Boughton Law Corporation is acting as legal counsel to Optimum. RwE Growth Partners, Inc. provided a fairness opinion to Optimum's Special Committee of the board of directors that the Arrangement is fair from a financial point of view to the shareholders of Optimum subject to the assumptions, limitations and qualifications set out in such fairness opinion.

About Blackwolf

Blackwolf's founding vision is to be an industry leader in transparency, inclusion and innovation. Guided by our Vision and through collaboration with local and Indigenous communities and stakeholders, Blackwolf builds shareholder value through our technical expertise in mineral exploration, engineering and permitting. Blackwolf holds a 100% interest in the high-grade Niblack copper-gold-zinc-silver VMS project, located adjacent to tidewater in southeast Alaska as well as five Hyder Area gold-silver and VMS properties in southeast Alaska and northwest British Columbia in the Golden Triangle, including the high-priority wide gold-silver veins at the Cantoo Property. For more information on Blackwolf, please visit the their website at www.blackwolfcopperandgold.com.

About Optimum

Optimum is a Canadian-based mineral exploration company actively seeking opportunities in the resource sector. Its properties and projects are all located in British Columbia and the extensions of the Golden Triangle area of Northern British Columbia into Alaska. The Company has an option agreement with Teuton Resources Corp. pursuant to which Teuton has agreed to grant to Optimum the option to acquire an up to 80-per-cent interest in the Harry and Outland Silver Bar properties, located near Stewart, B.C.

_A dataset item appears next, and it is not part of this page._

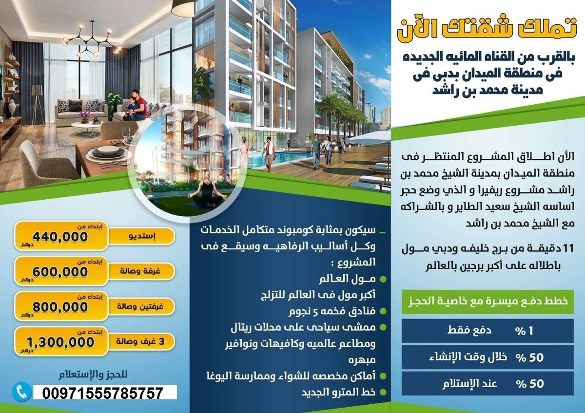 شقق للبيع في دبي بالأقساط https://i.suar.me/LOrjj/l تملك شقتك الان بالقرب من القناة المائيه الجديدة فى منطقة الميدان ب دبى فى مدينة محمد بن راشد ال مكتوم. إطلاق المشروع المنتظر فى منطقة الميدان ب مدينة الشيخ محمد بن راشد (مشروع ريفيرا) من شركة عزيزي للتطوير العقاري و الذي وضع حجر اساسه الشيخ سعيد الطاير و بالشراكة مع الشيخ محمد بن راشد 11دقيقه من برج خليفه و دبي مول بإطلاله على أكبر برجين بالعالم سيكون بمثابة كومباوند متكامل لخدمات وكل أساليب الرفاهيه وسيقع فى المشروع مول العالم أكبر مول في العالم للتزلج فنادق فخمه_5نجوم ، ممشي سياحي على محلات ريتال و مطاعم عالميه و كافيهات و نوافير مبهره أماكن مخصصه لل شواء و ممارسة اليوغا ، خط المترو الجديد خطط دفع ميسره مع خاصية الحجز دفع فقط ١٪ ٥٠٪ خلال وقت الانشاء ٥٠٪ عند الاستلام مع إمكانية تمويل المتبقي عند الاستلام لمدة 25 عام استديوهات ابتداء من ٤٤٠ الف غرفة و صاله ابتداء من ٦٠٠ الف غرفتين و صاله ابتداء من ٨٠٠ الف ثلاث غرف و صاله ابتداء من ١.٣ مليون للتفاصيل الرجاء الإتصال أو الواتساب على الرقم 00971555785757 شركة عزيزي للتطوير العقاري – مشروع ريفيرا – مشروع الميدان في دبي – شقق للبيع في دبي – عقارات دبي – استثمار في دبي – Azizi Riviera Apartment Meydan , Azizi Riviera , Azizi Riviera at Meydan City Dubai , |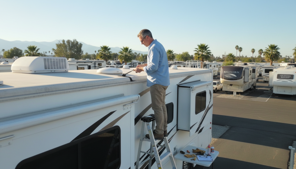 Stationary living changes what wears first. When an RV is parked in one position for months, UV exposure and environmental factors differ significantly from a rig in regular travel. Tires develop flat spots from stationary loading. Roof seals that would be “good enough” for one trip per year can fail under sustained UV exposure in Southern California’s high-UV climate.

Neither the TSXV nor its Regulation Services Provider (as that term is defined in the policies of the TSXV) accepts responsibility for the adequacy or accuracy of this release.

Completion of the Arrangement is subject to a number of conditions, including but not limited to, TSXV acceptance and shareholder approval. The Arrangement cannot close until the required approvals are obtained. There can be no assurance that the Arrangement will be completed as proposed or at all.

Investors are cautioned that, except as disclosed in the management information circular to be prepared in connection with the Arrangement, any information released or received with respect to the Arrangement may not be accurate or complete and should not be relied upon. Trading in the securities of the Company should be considered highly speculative.

Neither the TSX Venture Exchange, Inc. nor its Regulation Services Provider (as that term is defined in the polices of the TSX Venture Exchange) has in any way passed upon the merits of the Arrangement and associated transactions and neither of the foregoing entities accepts responsibility for the adequacy or accuracy of this release or has in any way approved or disapproved of the contents of this press release.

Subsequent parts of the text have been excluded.